■ **Directions**
Please output exactly the lines below, starting at the line that has "운영자는 적절한 복구" and ending at the line that has "Per l’osservatore del", both included; leave out all pictures and include nothing else.

■ **Materials provided**
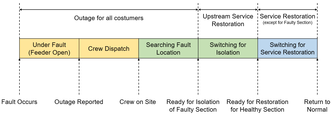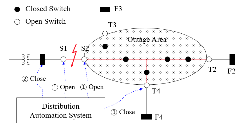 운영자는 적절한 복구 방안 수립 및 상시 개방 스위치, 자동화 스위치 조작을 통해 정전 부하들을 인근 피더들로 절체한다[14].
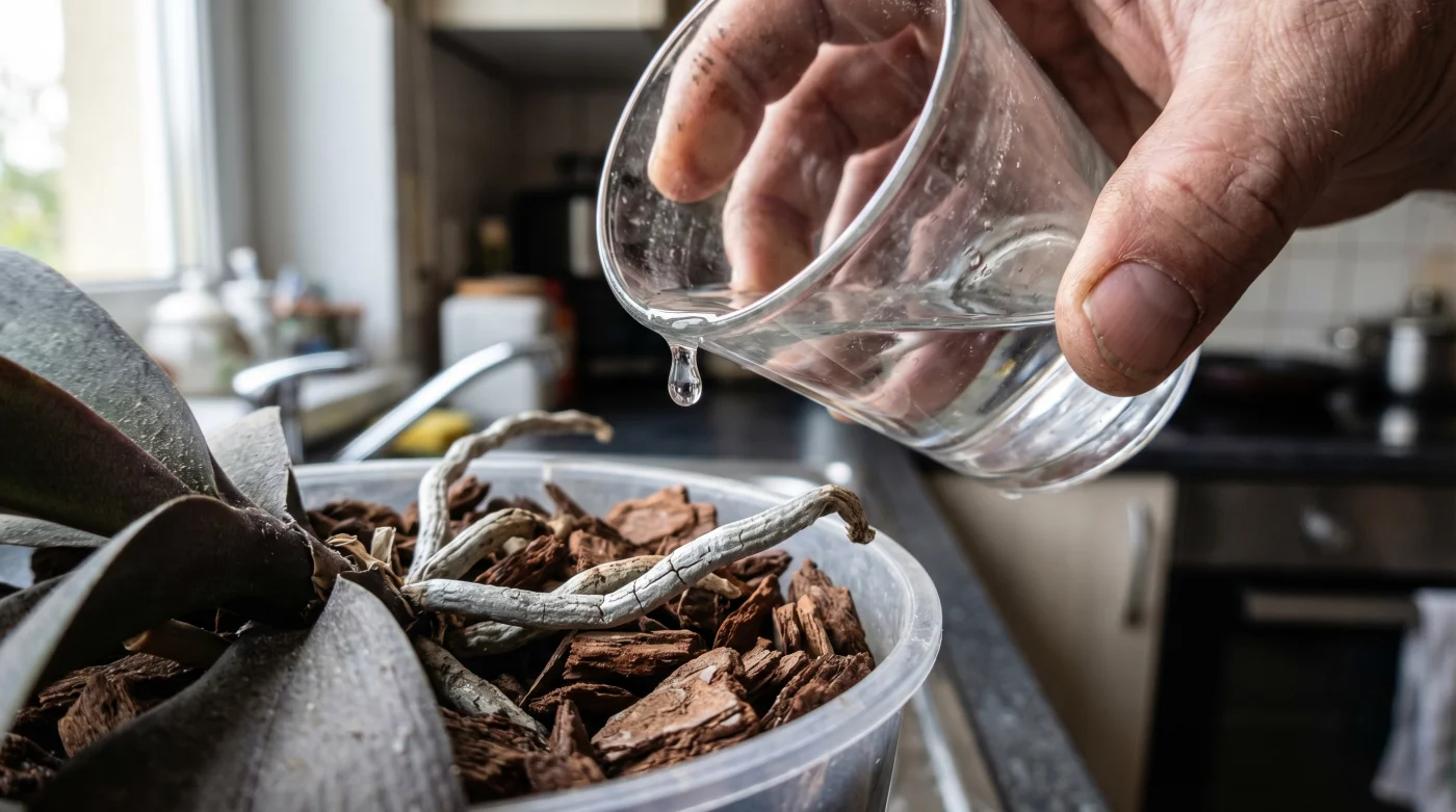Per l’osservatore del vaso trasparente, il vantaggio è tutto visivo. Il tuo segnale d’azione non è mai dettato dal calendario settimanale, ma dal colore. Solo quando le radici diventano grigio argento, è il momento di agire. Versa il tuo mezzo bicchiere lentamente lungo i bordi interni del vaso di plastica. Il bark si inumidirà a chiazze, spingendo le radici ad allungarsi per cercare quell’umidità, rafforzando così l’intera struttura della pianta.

* * *

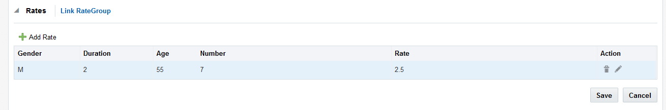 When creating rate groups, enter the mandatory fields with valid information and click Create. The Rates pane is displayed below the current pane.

■ **Problem solution**
 운영자는 적절한 복구 방안 수립 및 상시 개방 스위치, 자동화 스위치 조작을 통해 정전 부하들을 인근 피더들로 절체한다[14].
Per l’osservatore del vaso trasparente, il vantaggio è tutto visivo. Il tuo segnale d’azione non è mai dettato dal calendario settimanale, ma dal colore. Solo quando le radici diventano grigio argento, è il momento di agire. Versa il tuo mezzo bicchiere lentamente lungo i bordi interni del vaso di plastica. Il bark si inumidirà a chiazze, spingendo le radici ad allungarsi per cercare quell’umidità, rafforzando così l’intera struttura della pianta.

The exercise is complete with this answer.